Gray faces live hitters for first time, Cavalli strikes out eight in rehab start

It wasn’t much, only 23 pitches to a pair of hitters standing in front of a screen as several coaches and trainers watched from behind. For Josiah Gray, though, this was a significant step: His first time facing live batters since going on the injured list more than six weeks ago.

“Definitely put a smile on my face,” the Nationals right-hander said, “being able to get some pep back in my step and know that I’m able to go out there and face hitters. That’s what I love to do. That’s what I like: To just go out there and compete. So just a really, really important day, and I’m definitely going to enjoy this one.”

On the 15-day IL since mid-April with a flexor strain in his right elbow, Gray was cleared to start throwing again in short order. And he has been throwing off a bullpen mound for several weeks now.

But the Nationals wanted to hold off before taking this next step, wanting to make sure the 26-year-old was both in good physical shape and with clean pitching mechanics first.

“The thing is, we really want to try to keep this as more of a prevention thing,” manager Davey Martinez said. “We don’t want him to get hurt again. So we wanted to make sure we took time, that he was in his legs, that everything was sound. And then we can build up from there.”

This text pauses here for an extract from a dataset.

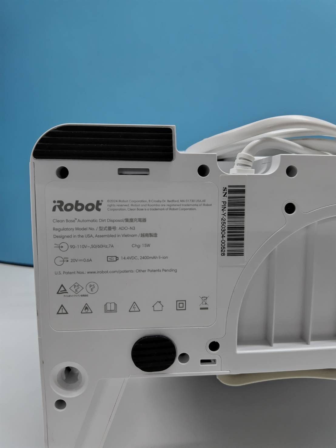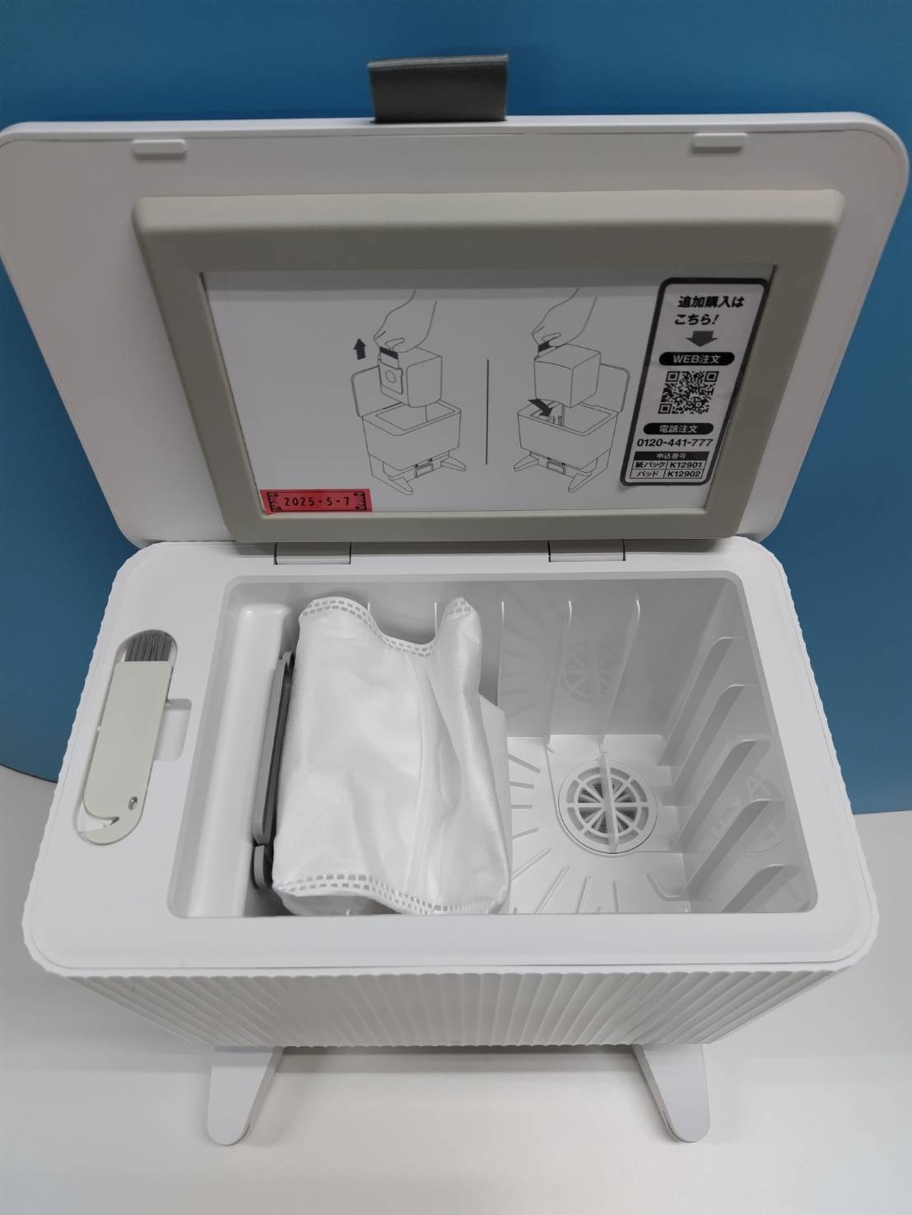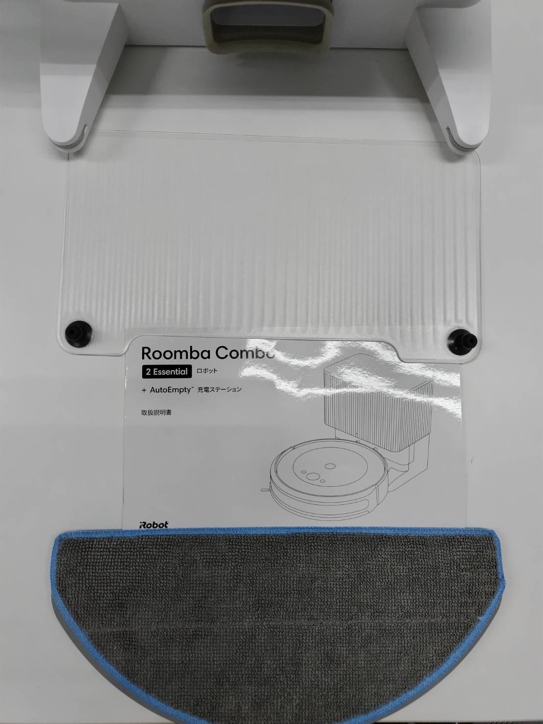 内容物:ルンバ、充電ベース、電源コード、ドリップトレイ、モップ、説明書(画像1枚目に写っているもの)

That slow-and-steady process wasn’t the easiest thing for Gray to accept. When he learned his injury wasn’t as severe as initially hoped, he envisioned a shorter rehab program than this. But along the way, he grew to understand why the team was taking this approach.

“I think there were definitely some frustrating days, but that’s part of being in a rehab setting,” he said. “You just kind of have to appreciate each day as being like a step forward. Today was obviously a big step forward, and (now) looking forward to the next one.”

Gray took the mound at Nationals Park shortly after 1 p.m., having already thrown 27 warmup pitches in the dugout. He faced a pair of teammates, infielder Nasim Nuñez and catcher Riley Adams, who took turns batting over the course of his 23-pitch “inning.”

Gray focused on his fastball and was pleased with his command on that pitch. He also said he had a feel for his changeup, but less of one for his multiple breaking balls. Most importantly, he said he felt healthy both before and after the session.

The next step: Gray will throw another simulated game in five days, this time building up to two innings of work. If that goes well, the Nationals could decide he’s ready to go on an official minor league rehab assignment and pitch for one of the club’s affiliates.

* Cade Cavalli made his second rehab start this morning in West Palm Beach, blowing away a group of Nats minor leaguers with four innings and eight strikeouts on only 47 pitches.

Cavalli, in the final stages of recovery from Tommy John surgery in March 2023, averaged 95 mph with his fastball, according to Martinez.

The Nationals haven’t decided yet if Cavalli will remain in West Palm Beach to pitch in the rookie-level Florida Complex League, or if he’ll now move up to one of the organization’s affiliates.

“It could be fairly soon if everything keeps going the way it’s going,” Martinez said. “But the good news is, he feels good and he’s progressing well. He’s utilized all his pitches well. His misses were very clean. And when he did miss, it was typically up, which he wants sometimes. So it was good.”